6. Proprietary Rights.
(a) Linking. WebWhile is granting to You the right to display and Link to the OptenetPC.com Web site in accordance with the Program terms for the limited purposes of Promoting the Program, subject to the terms and conditions of this Agreement. Your use of the Link signifies Your agreement to refrain from copying or modifying any icons, buttons, banners, graphics files or content contained in the Link, including but not limited to refraining from removing or altering any copyright or trademark notices.
(e) No Challenge to WebWhile’s Proprietary Rights. You acknowledge that You obtain no proprietary rights in WebWhile’s trademarks, service marks, tradenames, URLs, copyrighted material, patents, and patent applications, and agree not to challenge WebWhile’s proprietary rights. You acknowledge that You obtain no proprietary rights and agree not to challenge such proprietary rights.

7. Confidentiality.

(a) Obligations. You or WebWhile may provide the other with information that is confidential and proprietary to that party or a third party, as is designated by the disclosing party or that is reasonably understood to be proprietary and/or confidential ("Confidential Information"). The receiving party agrees to make commercially reasonable efforts, but in no case no less effort than it uses to protect its own Confidential Information, to maintain the confidentiality of and to protect any proprietary interests of the disclosing party. Confidential Information shall not include (even if designated by a party) information: (i) that is or becomes part of the public domain through no act or omission of the receiving party; (ii) that is lawfully received by the receiving party from a third party without restriction on use or disclosure and without breach of this Agreement or any other agreement without knowledge by the receiving party of any breach of fiduciary duty, or (iii) that the receiving party had in its possession prior to the date of this Agreement. Upon termination of this Agreement, You must destroy or return to WebWhile any Confidential Information provided by WebWhile to You under this Agreement.

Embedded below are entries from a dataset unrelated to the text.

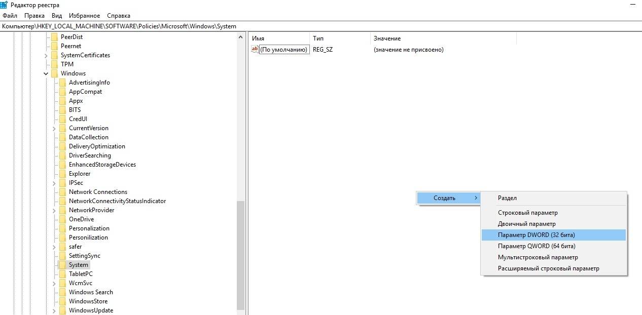 - Выберите только, что созданный каталог «System» и в правой панели создайте новый параметр DWORD (32-бита) с именем «EnableSmartScreen», для этого нажмите в любом свободном месте правым кликом и выберите опцию «Создать -> Новый параметр DWORD».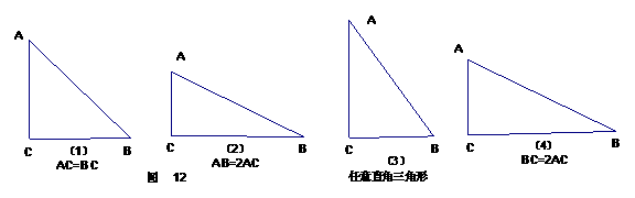 9、如图12,Rt△ABC中,∠C=90°,按题目所给条件及要求将相应的直角三角形,分割成若干个全等的并且分别与原三角形相似的三角形.画出图形并简要说明理由.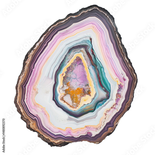 Beautifully Layered Agate Slice with Vibrant Colors and Intricate Patterns on transparent background
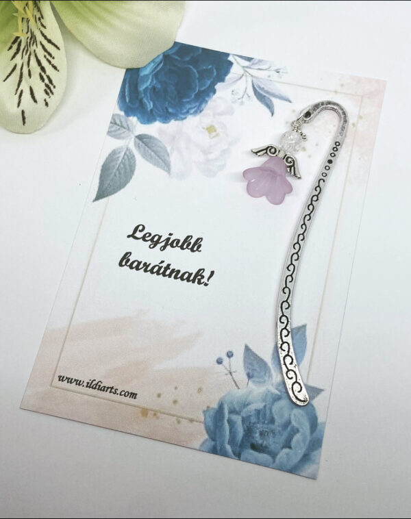 Lila angyalkás könyvjelző ajándékkártyával

8. Term, Termination, Deactivation and Notices.

(a) Term. This Agreement shall commence upon Your indication that You have accepted this Agreement by providing the required information and ‘clicking through' the acceptance button and shall continue until terminated in accordance with the terms of this Agreement. This Agreement may be terminated by either party immediately. This Agreement may be terminated immediately upon notice for Your breach of this Agreement. Your Account may be deactivated during investigation of breach of this Agreement.
(b) Termination or Deactivation. WebWhile may terminate You, one of Your Web sites, or Your use of a promotional method at any time in WebWhile’s sole discretion. Breach of any Section of this Agreement is cause for immediate termination from an Advertiser's Program and/or termination of this Agreement, and may result in Chargeback of one or more Payouts. WebWhile may temporarily deactivate or terminate Your Account if: (i) You or Your agent are responsible for the improper functioning of Ad Content, or if You otherwise interfere with and/or fail to maintain the Tracking Code; (ii) Your Account has not been logged into and/or there have been no Transactions credited to Your Account for any 30 day period; (iii) You maintain a negative balance in Your Account; (iv) WebWhile determines You are diluting, tarnishing or blurring WebWhile’s proprietary rights; (v) You begin proceedings to challenge WebWhile’s proprietary rights. Upon termination of this Agreement, or in case of deactivation of Your Account, You shall no longer accrue Payouts in Your Account, including but not limited to subsequent sales and/or Leads for click-throughs that occurred prior to termination.
(c) Termination of Programs and Offers. Programs and Offers may be discontinued at any time.
(d) Post-termination. Upon termination of this Agreement, any outstanding payments shall be paid by WebWhile to You within 90 days of the termination date, and any outstanding debit balance shall be paid by You to WebWhile within 30 days of termination of this Agreement. All payments are subject to recovery for Charge-backs. Upon termination of this Agreement, any permissions granted under this Agreement will terminate, and You must immediately remove all Links to OptenetPC.com(s). Provisions of this Agreement that by their nature and context are intended to survive the termination of this Agreement shall survive the termination of this Agreement to the extent that and as long as is necessary to preserve a party's rights under this Agreement that accrued prior to termination.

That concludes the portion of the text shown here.